PROBLEM TO SOLVE —
Nothing but the lines below from the one with "Kasty แคสตี้ ทรายแมวเต้าหู้ธรรมชาติ" through the one with "эффекты, цвет красный" should be output, each exactly as given, and no pictures.

GIVEN INFORMATION —
================

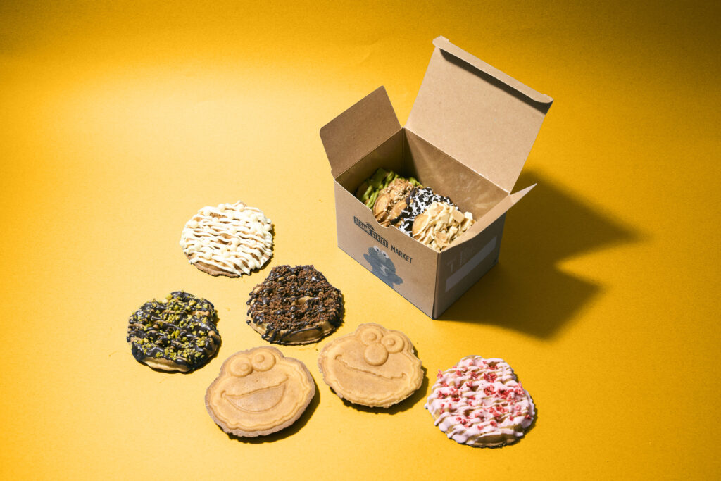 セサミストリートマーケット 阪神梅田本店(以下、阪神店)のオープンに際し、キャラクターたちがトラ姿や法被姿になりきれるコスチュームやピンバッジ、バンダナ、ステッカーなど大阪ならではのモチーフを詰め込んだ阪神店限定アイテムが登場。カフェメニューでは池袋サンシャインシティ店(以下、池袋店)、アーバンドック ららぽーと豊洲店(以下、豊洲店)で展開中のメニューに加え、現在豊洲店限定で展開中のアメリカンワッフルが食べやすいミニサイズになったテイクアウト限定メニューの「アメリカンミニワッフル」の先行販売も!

================

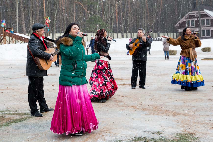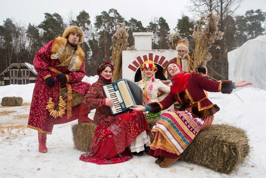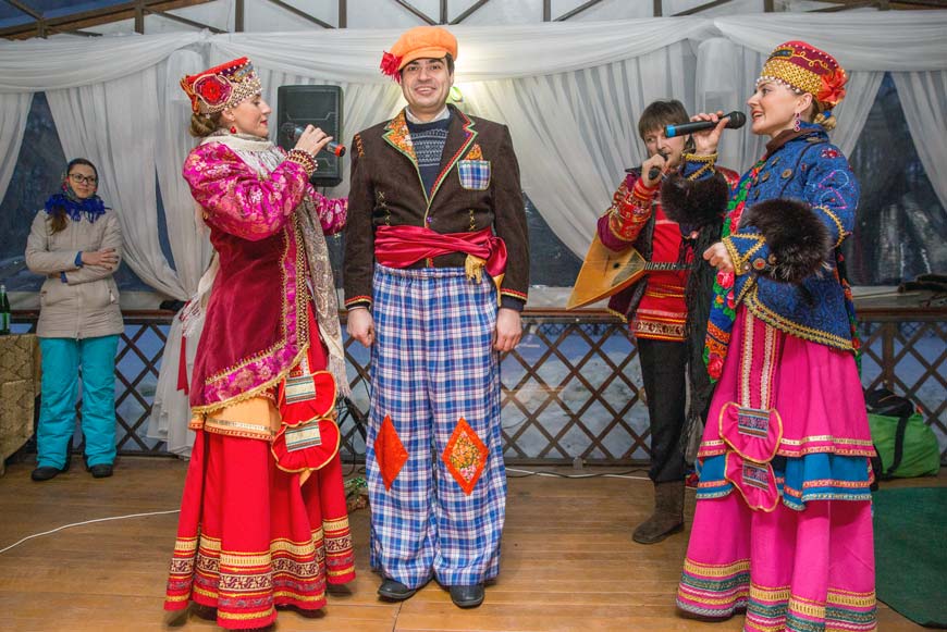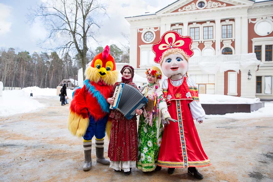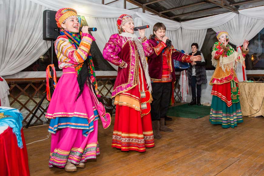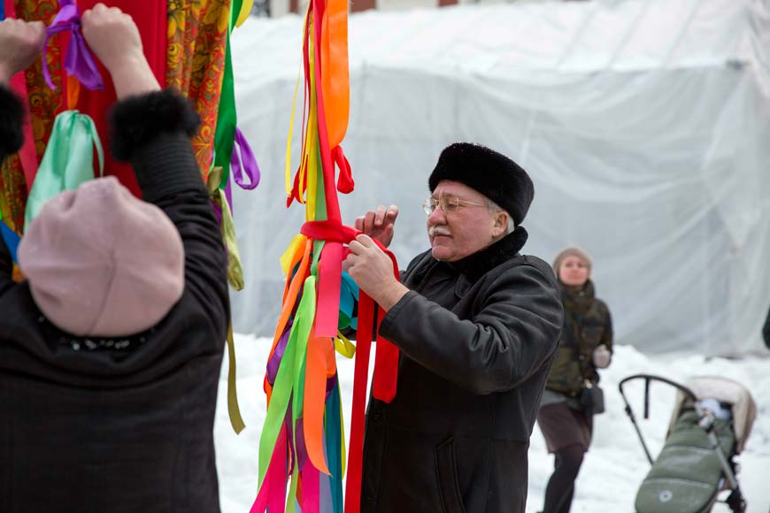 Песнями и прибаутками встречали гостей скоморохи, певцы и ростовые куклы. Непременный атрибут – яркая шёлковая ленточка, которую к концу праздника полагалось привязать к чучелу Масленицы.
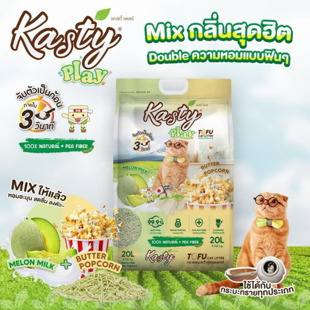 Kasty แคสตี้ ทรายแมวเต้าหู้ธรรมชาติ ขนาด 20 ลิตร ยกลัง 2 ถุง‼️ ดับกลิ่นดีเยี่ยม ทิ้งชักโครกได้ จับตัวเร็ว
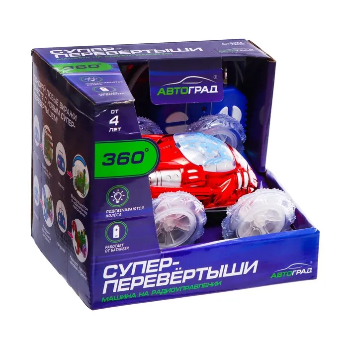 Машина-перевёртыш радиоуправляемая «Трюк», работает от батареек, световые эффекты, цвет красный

================

WRITTEN REPLY —
 Kasty แคสตี้ ทรายแมวเต้าหู้ธรรมชาติ ขนาด 20 ลิตร ยกลัง 2 ถุง‼️ ดับกลิ่นดีเยี่ยม ทิ้งชักโครกได้ จับตัวเร็ว
 Машина-перевёртыш радиоуправляемая «Трюк», работает от батареек, световые эффекты, цвет красный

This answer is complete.